1) Understand the fundamentals of quantum theory, including quantum states, evolutions, and measurements 2) Be able to model computation and communication tasks in the quantum model 3) Possess the basics of quantum algorithms, including the techniques of amplitude amplification and the quantum Fourier transform 4) Understand the foundations of quantum communication and cryptography


Essential: Linear Algebra or Discrete Mathematics. 

Recommended: Models of Computation, Computational Complexity, Design and Analysis of Algorithms.


The course is structured as follows, for a total of 16 lectures:

1.     Course overview: introduction to the subject and practical matters. (1 lecture)

2.     The basic rules of Quantum Theory: pure states, basic measurements, unitary evolutions, and composite systems (4 lectures) 

3.     Key operational features: quantum steering, dense coding, and non-local games (3 lectures)

4.     Quantum Computation: the quantum circuit model, quantum computational complexity, quantum query complexity, quantum algorithms (4 lectures)

5.     Quantum communication and cryptography:  no cloning and no-information without disturbance, quantum key distribution, quantum teleportation (4 lectures)


Bits vs qubits, quantum states, basic measurements, and gates.

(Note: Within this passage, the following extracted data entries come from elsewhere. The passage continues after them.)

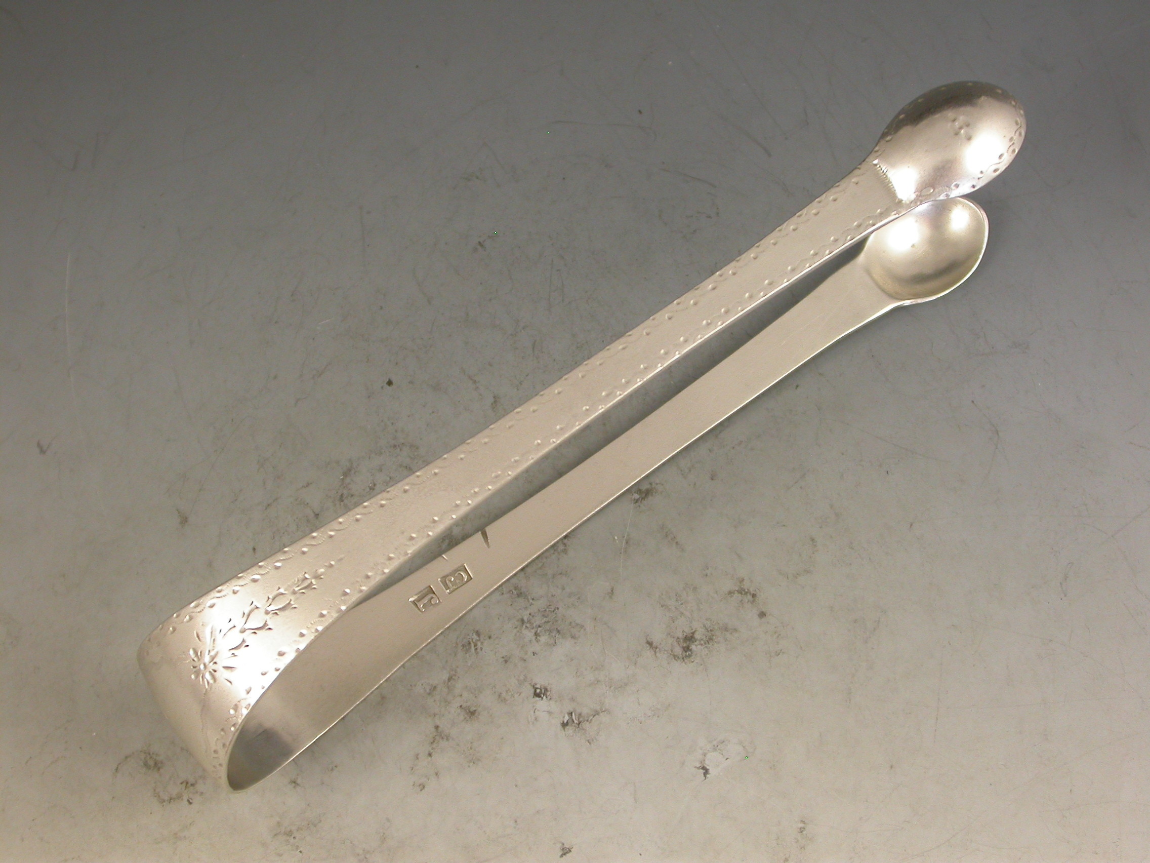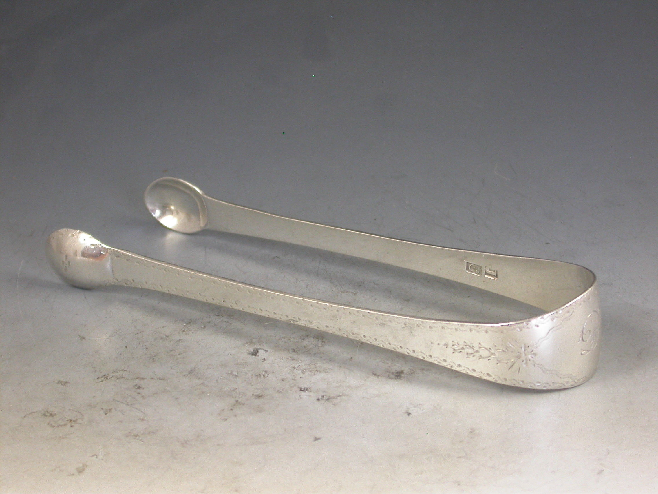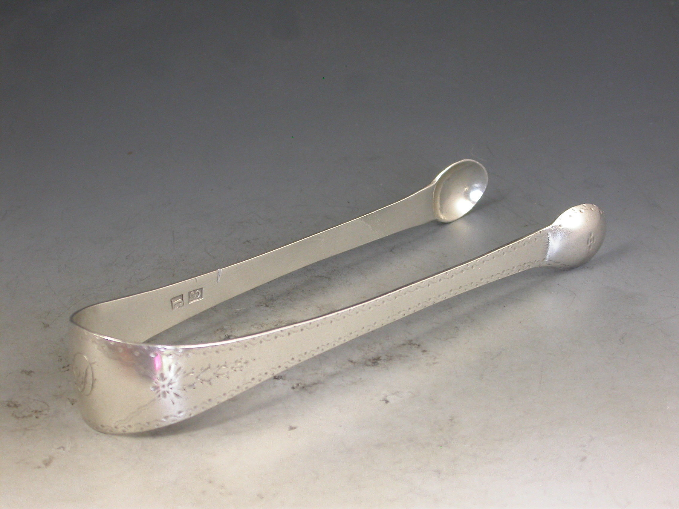 A rare pair of George III Scottish Provincial silver Sugar Tongs, the Old English pattern handles with bright-cut engraved decoration and a contemporary initial 'D' inside a cartouche to the bow.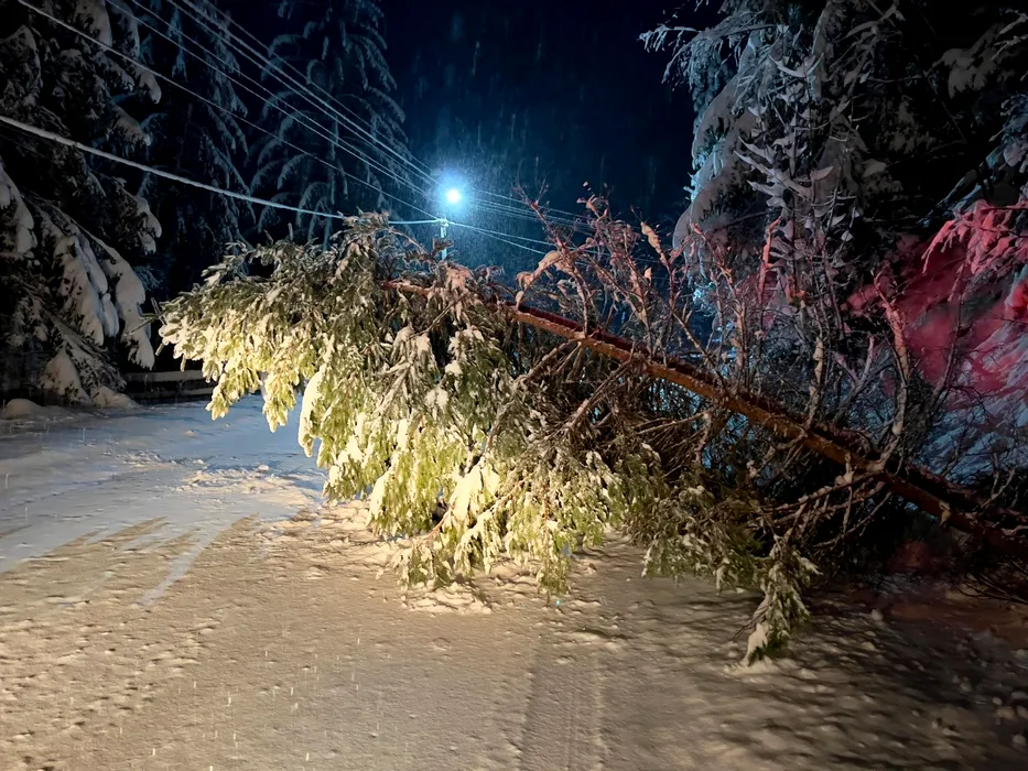 FOTO, VIDEO | Probleme în mai multe zone din țară din cauza vremii. Ninsoarea a pus copaci la pământ și a îngreunat traficul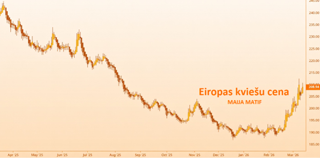 Kvieši ceturtdienu noslēdza ar 209,25 EUR/t cenu, salīdzinot ar 198 EUR/t cenu ap kuru kvieši svārstījās februāra beigās. Kviešu cena sekoja tai pašai dinamikai, kura redzama enerģētikas un minerālmēslu segmentos, lai arī mazākā apmērā, tāpēc saprotams, ka cenā vismaz daļēji ir iekļauta ģeopolitiskās situācijas prēmija. Atšķirībā no enerģētikas produktiem, kviešus turpināja ietekmēt CBAM tarifs un minerālmēslu pieejamības problēmas un kaut kādā līmenī abas problēmas pat saplūda. Uz ģeopolitisko tematu fona – raža, pieprasījums, laika apstākļi, noliktavas un citi citkārt būtiski jautājumi bija samērā neredzami. Ja globālie tirgi zaudēs ģeopolitiskās situācijas prēmiju, tad sagaidāms, ka kvieši nebūs izņēmums un zaudēs attiecīgo kāpuma daļu.

Composite systems, entanglement and non-local games.

Quantum circuits, quantum computational complexity, quantum query complexity, Grover’s algorithm, Shor’s algorithm.

No-cloning, no-information without disturbance, quantum key distribution, quantum teleportation. 

Reading list

-Course Lecture Notes (primary course material)

-M. A. Nielsen and I. L. Chuang, Quantum Computation and Quantum Information, Cambridge University Press (2001) 

-N. D. Mermin, Quantum Computer Science, Cambridge University Press (2008).